It is no secret that nearly all of Oregon's estuaries have serious problems. There are occasionally articles about the need for dredging in one or another estuary, or efforts to deal with an acute environmental problem, such as the sunken cargo ship Pasley leaking oil into Yaquina Bay back in the 1990s. All estuaries connected to a town, such as Newport, Brookings, Tillamook or Bay City, also face threats from urban runoff and associated chemical pollutants. But even relatively pristine estuaries, such as the Salmon River estuary or Sand Lake estuary, face problems, especially of sedimentation. Why?
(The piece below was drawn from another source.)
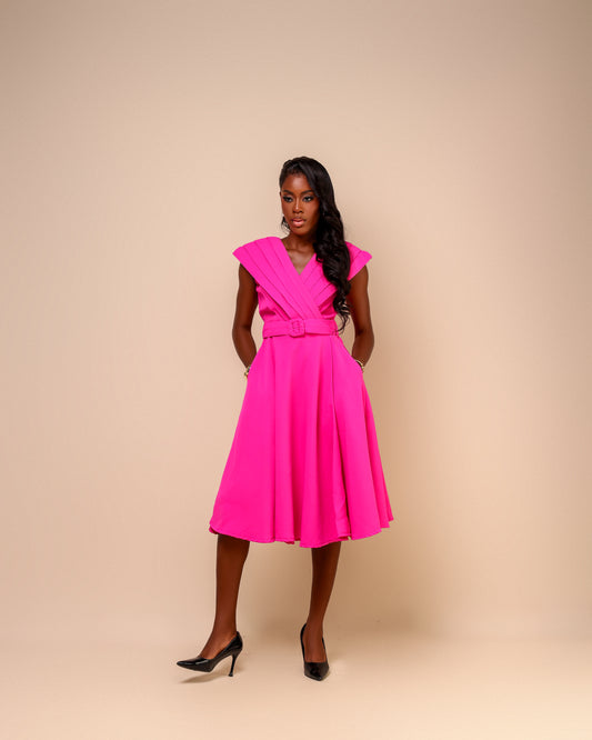 Ìfédayò (Rhoda 1.0) Belted Faux-Wrap Dress FUCHSIA PINK

The answer is simple: excessive logging in the Coast Range, which has been ongoing for more than a hundred years, has dramatically increased the influx of sediment into estuaries, at rates far above the estuaries' natural capacity to handle it. This means the sediment load is not -- and cannot be -- flushed out to sea, as would normally happen during storm surges and floods. Clearcutting, associated road-building and the ecological abuse of riparian zones have all contributed to estuaries' problems. Additional disasters, such as the Tillamook Burns of the 1930s through the 1950s (which resulted from logging operations), have exacerbated problems in some estuaries; Tillamook Bay, for example, is now only a few feet deep at high tide.
Solving estuarine sedimentation is not only an exceedingly complex process, but also an expensive one. Initially, there needs to be accurate mapping of water flow and sediment deposits in an estuary, along with monitoring for pesticides used in timber management and agriculture, and urban chemicals. Though moving all, or most, of the sediment from even a small estuary is a gargantuan task, it may be possible to restore a main channel so the estuary can more successfully flush sediment out to the ocean.
Without a functioning estuary, salmon cannot easily migrate to and from the ocean, and this ultimately starves the forests of the Coast Range of nitrogen. Salmon die after spawning, and their carcasses provide nitrogen to the forest. In addition, many creatures, from shrews and eagles to bears benefit greatly from the nutrients in salmon carcasses, as do young salmon putting on weight for their migration to the sea.
Moreover, the eelgrass beds needed by salmon suffer in a degraded estuary. Some salmon species spawn in estuaries; but all salmon species use estuaries as an essential way station for days or weeks to allow their bodies to adjust to the change between fresh water and salt water as they migrate to or from their natal streams.
Oregon leadership thus far has done an abysmal job of curbing logging abuses that harm estuaries; in 2015 Oregon became the first and so far only state to have federal funding withdrawn by the Environmental Protection Agency (EPA) for failing to put in place an effective nonpoint pollution program. The main issue for the EPA? Oregon's leaders have failed to enact, let alone enforce, logging restrictions to protect streams in the coastal region from sediment runoff.
Oregon's estuaries can certainly be improved and brought back to better functioning than they now have. But it takes more political will than the state's leaders have shown thus far. It is much easier to do a salmon improvement project in an estuary than to stop clearcutting in the Coast Range and remove hundreds of miles of poorly constructed roads. In other words, symptomatic fixes are politically easier -- and cheaper -- than the costly, often longterm, systemic repairs. But our estuaries, from which we derive so much, deserve nothing less than sustained attention.